In comparison, lead anchor of the pro-government Republic TV Arnab Goswami barely spent a week in jail before being granted bail on November 11, 2020. Goswami was in jail for allegedly abetting the suicide of an interior decorator who reportedly left a note saying Republic TV had not paid him for design work on its television studio.
In the same Taloja jail where Goswami was briefly imprisoned, an 83-year-old priest and tribal rights activist suffering from Parkinson’s disease has been in jail for over 100 days. It took the government a month to provide him with a straw and sipper because he could not hold his hand steady to drink water. Stan Swamy has been in judicial custody since October 2020 for allegedly being a member of the banned Communist Party of India (Maoist), and being involved in a conspiracy to instigate violence in the Bhima Koregaon in 2018.
On January 24, 2021, the United Nations Human Rights body called for the release of activists who are in prison for the 2018 Bhima Koregaon case, “at the very least on bail” noting that “some of the detainees are elderly and in poor health.” Last October, the human rights body expressed similar concern on the arrest of activists in India.
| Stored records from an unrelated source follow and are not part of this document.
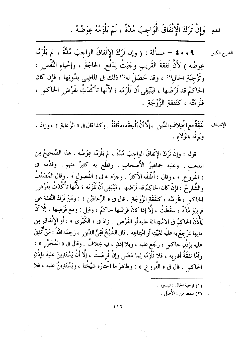 قوله: وإنْ تَرَكَ الإنْفاقَ الواجِبَ مُدَّةً، لم يَلْزَمْه عِوَضُه. هذا الصَّحيحُ مِن المذهبِ. وعليه جماهيرُ الأصحابِ. وقطَع به كثيرٌ منهم. وقدَّمه فى «الفُروعِ»، وقال: أَطلقَه الأكثرُ. وجزَم به فى «الفُصول». وقال المُصَنِّفُ والشَّارِحُ: فإنْ كان الحاكِمُ قد فَرَضَها، فيَنْبَغِى أَنْ تَلْزَمَه؛ لأَنَّها تأكَّدَتْ بفَرْضِ الحاكمِ، فلَزِمَتْه، كنَفَقَةِ الزَّوْجَةِ. قال فى «الرِّعايتَيْن»: ومَنْ تَرَكَ النَّفقةَ على قرِيبَةٍ مُدَّةً، سقَطَتْ، إلَّا إذا كانَ فرَضَها حاكمٌ، وقيل: ومع فَرْضِها، إلَّا أَنْ يَأْذَنَ الحاكِمُ فى الاسْتِدانة عليه أو القَرْضِ. زادَ فى «الكُبْرى»: أو الإنْفاقِ مِن مالِها لتَرْجِعَ به عليه لغَيْبَتِه أو امْتِناعِه. قال الشَّيْخُ تَقِىُّ الدِّينِ، رَحِمَه اللَّهُ: مَنْ أُنْفِقَ عليه بإذْنِ حاكم، رجَع عليه، وبلا إذْنٍ، فيه خِلافٌ. وقال فى «المُحَرَّرِ»: وأمَّا نفَقَةُ أقارِبِه، فلا تَلْزَمُه لِما مَضَى وإنْ فُرِضَتْ، إلَّا أَنْ يَسْتَدِينَ عليه بإذْنِ الحاكمِ. قال فى «الفُروعِ»: وظاهرُ ما اخْتاره شيْخُنا، ويَسْتَدِينُ عليه، فلا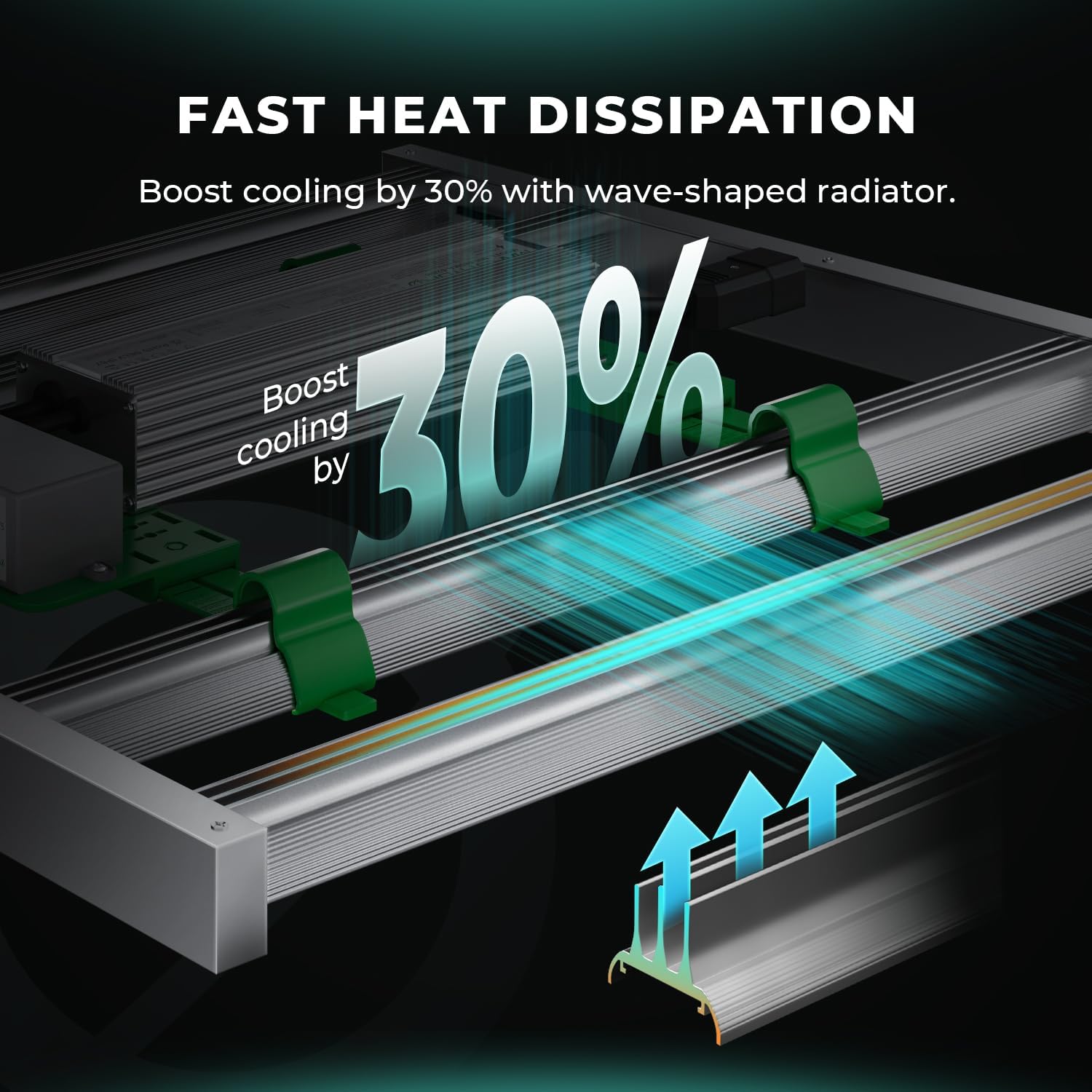 - OPTIMAL HEAT DISSIPATION DESIGN: The wave-shaped heat sink ensures rapid heat dissipation, keeping your growing space at the perfect temperature. With 3.28 ft long power cord, you have the flexibility to position the driver outside your grow tent, effectively reducing the heat emitted by the fixture. The bar-style design results in even light distribution that promotes uniform plant growth while avoiding hotspots in the center.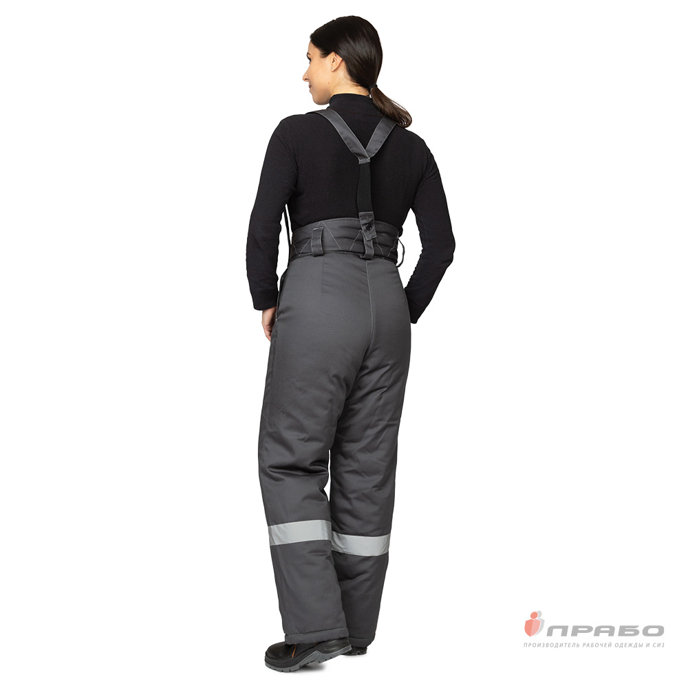 Брюки: прямые, с притачной утеплённой подкладкой, с центральной застёжкой гульфик на молнию. Притачной утеплённый пояс, более широкий на спинке, застёгивается на 2 пуговицы. На поясе пять шлёвок. Бретели пристёгиваются к поясу на пуговицы, со стороны спинки бретели выполнены частично с открытой эластичной лентой. Задние половинки с вытачками на талии обеспечивают силуэтную посадку.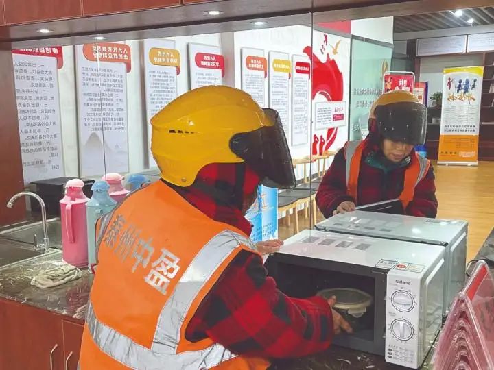 泰州市總工會一樓有個工會戶外勞動者愛心服務站,當天同樣迎來不少戶外勞動者。泰州中盈環境管理有限公司保潔員周樹芹,當天負責鼓樓南路部分道路保潔。中午12點多,她拿著提前備好的午飯到驛站用微波爐加熱,“戶外勞動者愛心服務站設施齊全,只要值班時間長,我的早飯和午飯都可以帶過來加熱了吃,尤其這種下雪天,可以歇腳、取暖、接熱水,真的很暖心!”吃完午飯,手機電量也已充滿,短暫休息后的周樹芹重回崗位上。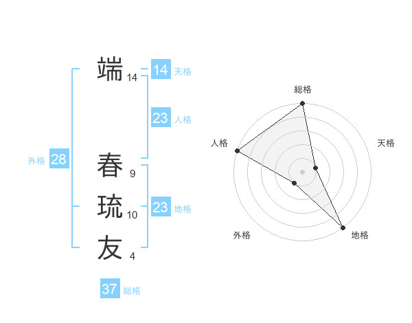 端 春琉友さんの総格は37画の5点!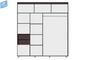 Три отсека шкафа с полками, двумя штангами, четырьмя выдвижными ящиками.
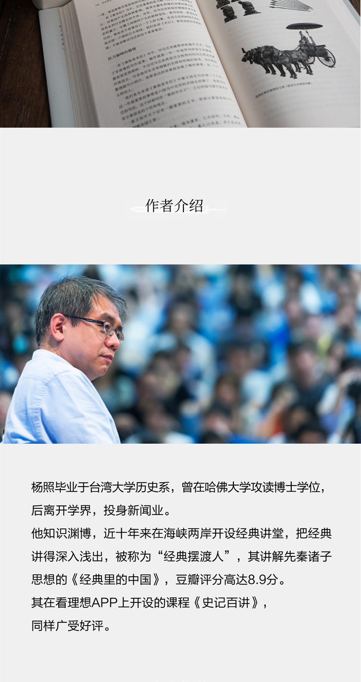 杨照,作家、文学评论家。台湾大学历史系毕业,曾为哈佛大学史学博士候选人,师从杜维明教授,研究专长为中国古代思想史、社会人类学。最近十几年来,一直致力于各种东西方经典著作的解读,并担任“诚品讲堂”、“敏隆讲堂”长期经典课程讲师,“看理想”古代中国经典节目主讲人。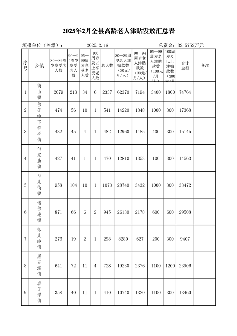 老年人补贴申领和发放结果(2025年2月份高龄津贴汇总表)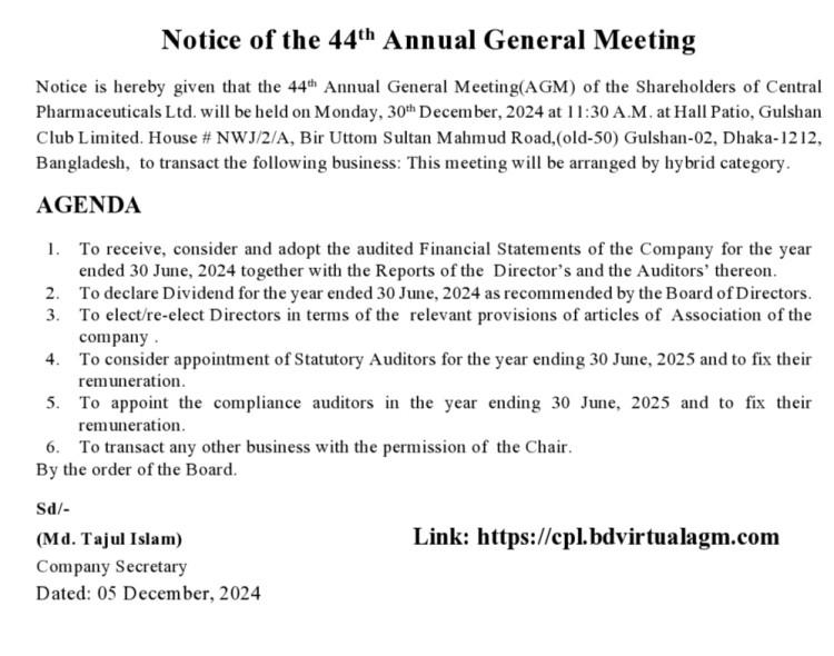 Notice of the 44th AGM of Central Pharmaceuticals Ltd.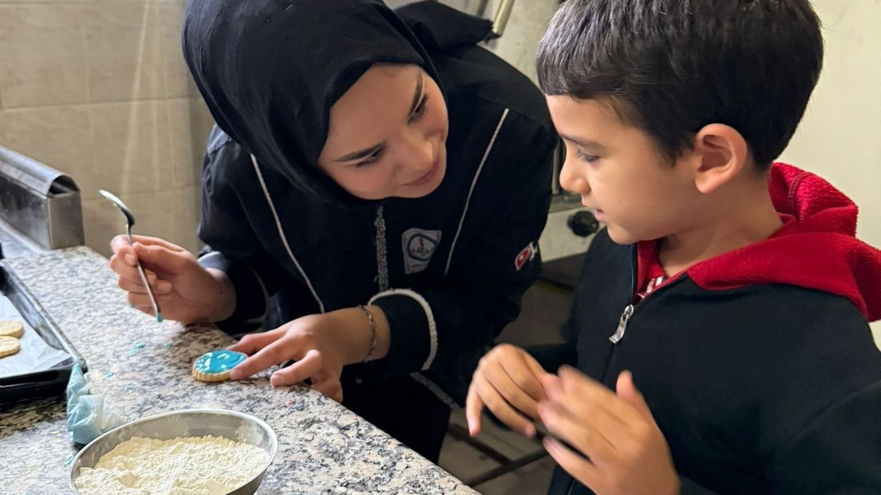 Manisa’nın Şehzadeler ilçesindeki Gazi İlkokulunda eğitim gören özel öğrenciler, İsmet İnönü Mesleki ve Teknik Anadolu Lisesi Yiyecek İçecek Bölümünde okuyan ablalarıyla okulun Yiyecek Atölyesinde hamur açıp kurabiye yaptı.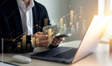 Business development to success with growth graph chart.Increase chart arrow graph corporate business future growth.Financial marketing graph and profit stock market chart.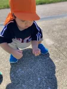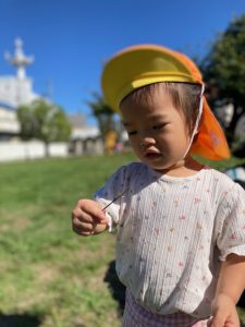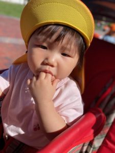 ↑ひよこグループのお友だちはお散歩車で景色を見たり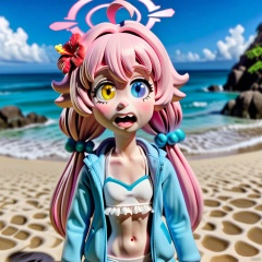 claymation-style,solo, red flower, 1girl, hoshino (blue archive), flower, blue jacket, hoshino (swimsuit) (blue archive), hair ornament, white bikini, frilled bikini, heterochromia, swimsuit, twintails, long hair, ahoge, yellow eyes, bikini, navel, halo, blush, looking at viewer, jacket, frills, low twintails, blue eyes, open mouth, pink hair, collarbone, hair between eyes, hair bobbles, outdoors, long sleeves, hair flower, official alternate costume, hibiscus, open clothes, blurry

“More than 1,500 people have reportedly been arrested in relation to the protests [against the Citizenship Amendment Act], with many charged under the Unlawful Activities Prevention Act — a law which has also been widely criticized for its lack of conformity with international human rights standards,” added Michelle Bachelet, the United Nations High Commissioner for Human Rights.
In his first speech after taking over as president at India’s first Republic Day on January 26, 1950, Dr Rajendra Prasad said, “Our Constitution is a democratic instrument seeking to ensure to the individual citizens the freedoms which are so invaluable. India has never prescribed or prosecuted opinion and faith.” May Indians someday once more live in such a nation.